THE DATA>
****************
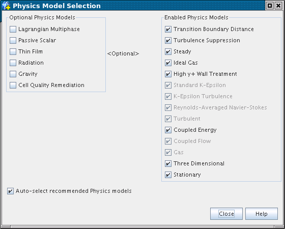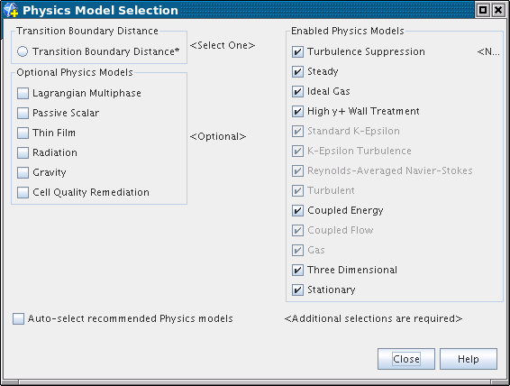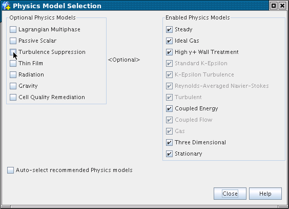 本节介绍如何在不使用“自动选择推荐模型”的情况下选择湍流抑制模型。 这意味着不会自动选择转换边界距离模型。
****************
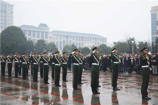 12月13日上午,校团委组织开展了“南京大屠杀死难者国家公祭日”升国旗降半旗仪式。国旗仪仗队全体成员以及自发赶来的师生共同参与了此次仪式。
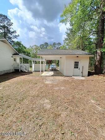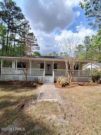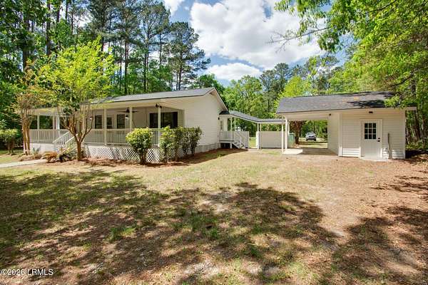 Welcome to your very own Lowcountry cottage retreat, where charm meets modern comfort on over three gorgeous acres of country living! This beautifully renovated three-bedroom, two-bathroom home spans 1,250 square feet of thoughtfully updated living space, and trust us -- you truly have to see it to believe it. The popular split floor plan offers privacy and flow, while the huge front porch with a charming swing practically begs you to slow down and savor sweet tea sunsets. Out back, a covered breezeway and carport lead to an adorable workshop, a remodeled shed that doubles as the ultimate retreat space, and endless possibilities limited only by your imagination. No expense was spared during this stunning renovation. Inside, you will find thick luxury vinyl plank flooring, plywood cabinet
****************
REQUIREMENT>
Could the stretch from the line with "12月13日上午,校团委组织" through the line with "Welcome to your" in the listing above be restated word for word, minus the pictures?

COMPLETED TASK>
 12月13日上午,校团委组织开展了“南京大屠杀死难者国家公祭日”升国旗降半旗仪式。国旗仪仗队全体成员以及自发赶来的师生共同参与了此次仪式。
 Welcome to your very own Lowcountry cottage retreat, where charm meets modern comfort on over three gorgeous acres of country living! This beautifully renovated three-bedroom, two-bathroom home spans 1,250 square feet of thoughtfully updated living space, and trust us -- you truly have to see it to believe it. The popular split floor plan offers privacy and flow, while the huge front porch with a charming swing practically begs you to slow down and savor sweet tea sunsets. Out back, a covered breezeway and carport lead to an adorable workshop, a remodeled shed that doubles as the ultimate retreat space, and endless possibilities limited only by your imagination. No expense was spared during this stunning renovation. Inside, you will find thick luxury vinyl plank flooring, plywood cabinet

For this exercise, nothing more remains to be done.